= Stacy Allison =

American mountaineer (born 1958)

Stacy Allison (born 1958), raised in Woodburn, Oregon, is the first American woman to reach the summit of Mount Everest, the world's highest mountain, which she did on September 29, 1988.

==Biography==
Stacy Allison began climbing during her time as a biology student at Oregon State University. Starting from late 1970s, she practiced the basics of mountaineering and had mastered her skills under the guidance of Scott Fischer. She attempted her first major climb at age 21 on Mount Huntington. Her climbing partner broke his ax only 200 feet from the top, and they were forced to turn around.

She continued climbing, and in 1986 went to Soviet Union with a group of climbers from Mountain Madness to climb Communism Peak (Pamir Mountains). She reached the summit together with Scott Fischer and Wesley Krause. One climber of the team felt sick in the lower camp; both Fischer and Wes tried to evacuate him, but the climber had unfortunately died at the slope.

Next autumn she joined the Mount Everest expedition from Tibet (northern wall) also organised by Mountain Madness.
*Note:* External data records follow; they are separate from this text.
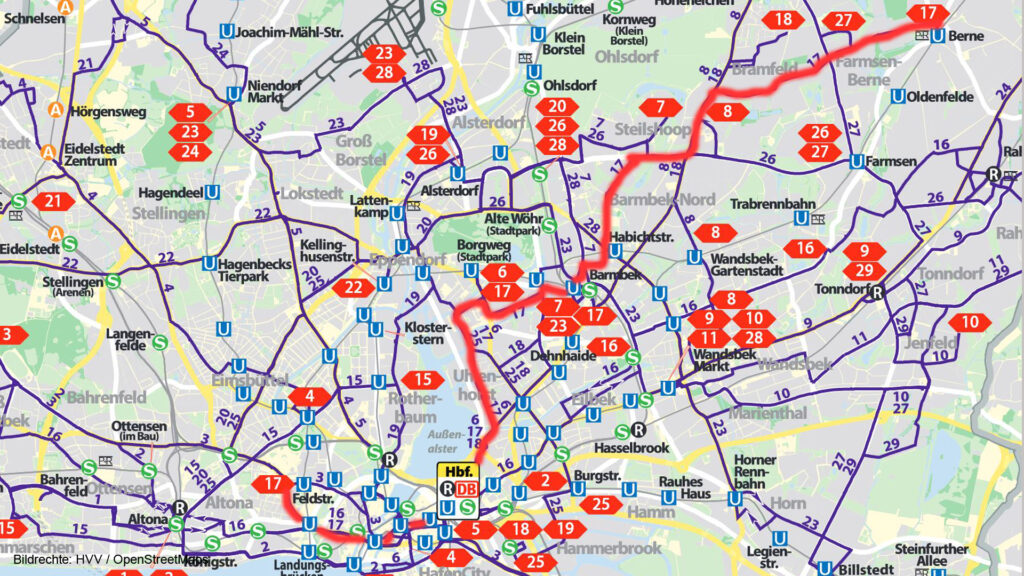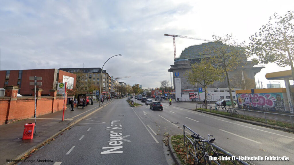 Die Linie 17 geht von der Haltestelle Feldstraße im Karolinenviertel, direkt am Feldstraßenbunker, vorbei am Millerntor-Stadion, quer durch die Hamburger Innenstadt zum Hauptbahnhof, weiter nach Barmbek. Ein Teil der Bus-Einsätze erfolgt erst von hier, bzw. enden in Barmbek.
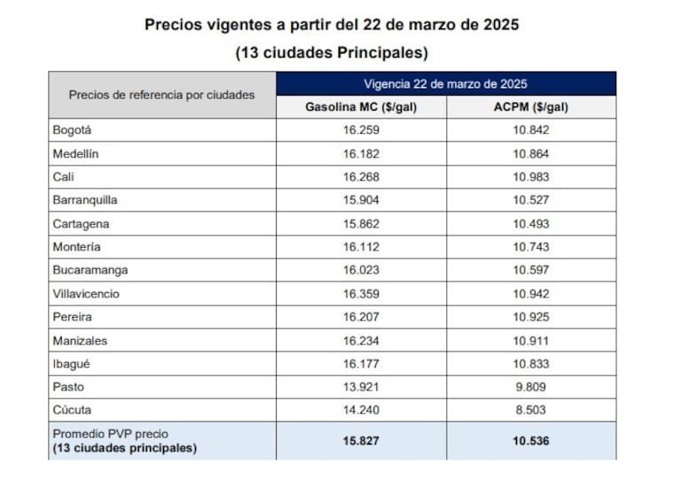 Este ajuste, que afecta a las 13 ciudades principales del país, presenta variaciones significativas según la ubicación geográfica. Villavicencio registra el precio más alto de gasolina ($16.359), mientras que Cúcuta mantiene los valores más bajos tanto en gasolina ($14.240) como en ACPM ($8.503).
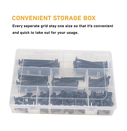 binifiMux 100pcs Black Hex Drive Socket Cap Bolts Dowel Joint Nuts Assortment Kit for Furniture Crib Connecting, M6x15mm/25mm/35mm/45mm/55mm/65mm/75mm
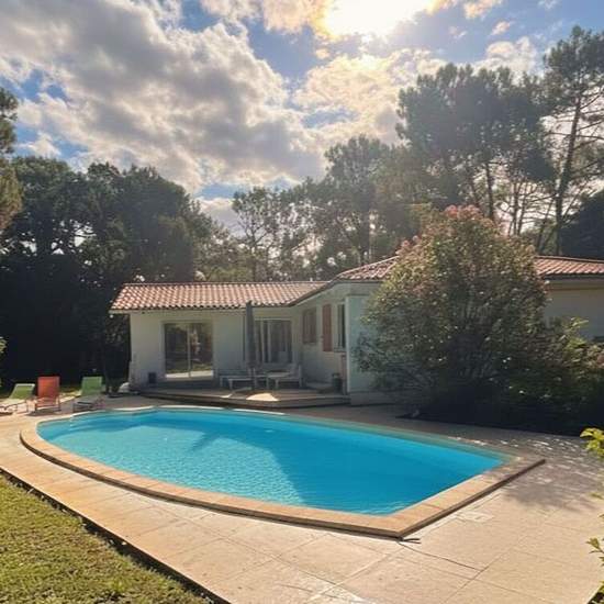 Maison avec piscine. Maison familiale à louer à l'année à Capbreton. D'une superficie de 114m² , cette maison meublée de plain pied se compose d'un vaste séjour- salle à manger - cuisine moderne et parfaitement équipée, une suite parentale avec salle d'eau privative, un espace nuit avec une salle d'eau et 3 autres chambres (2 chambres doubles et une chambre avec un lit simple et des lits superposés). Une buanderie avec une troisième salle de douche attenante. La maison est entourée de terrasses permettant de profiter de plusieurs expositions...

Trying to reach the summit Stacy, Scott, Wesley and Samuel Belk had spent four nights in Camp IV waiting for better weather, but were forced to go down because of strong wind and snowfalls.

Returning to Seattle, Scott has sent two resumes for the 1988 American Everest expedition (from the South): Stacy's and his own. He persuaded her at least to go for an interview. As a result, he was rejected, but Stacy was invited to join the team. Consequently, in 1988 Stacy went to Nepal and became the first American woman to reach the summit of Mount Everest. Scott was trekking to Kala Pathar and they met each other at the Everest base camp.

On September 29, Stacy successfully reached the summit. Three days later, On October 2, Peggy Luce Gudgell of the same team became a second American woman who reached the Everest summit.

In 1993, Stacy was a team leader of K2 attempt.

She was later part of a team that marked the first successful all-women ascent of Ama Dablam, a mountain of 22,495 ft.

She is the co-author with Peter Ames Carlin of Beyond the Limits: A Woman's Triumph on Everest and the author of Many Mountains to Climb: Reflections on Competence, Courage, and Commitment.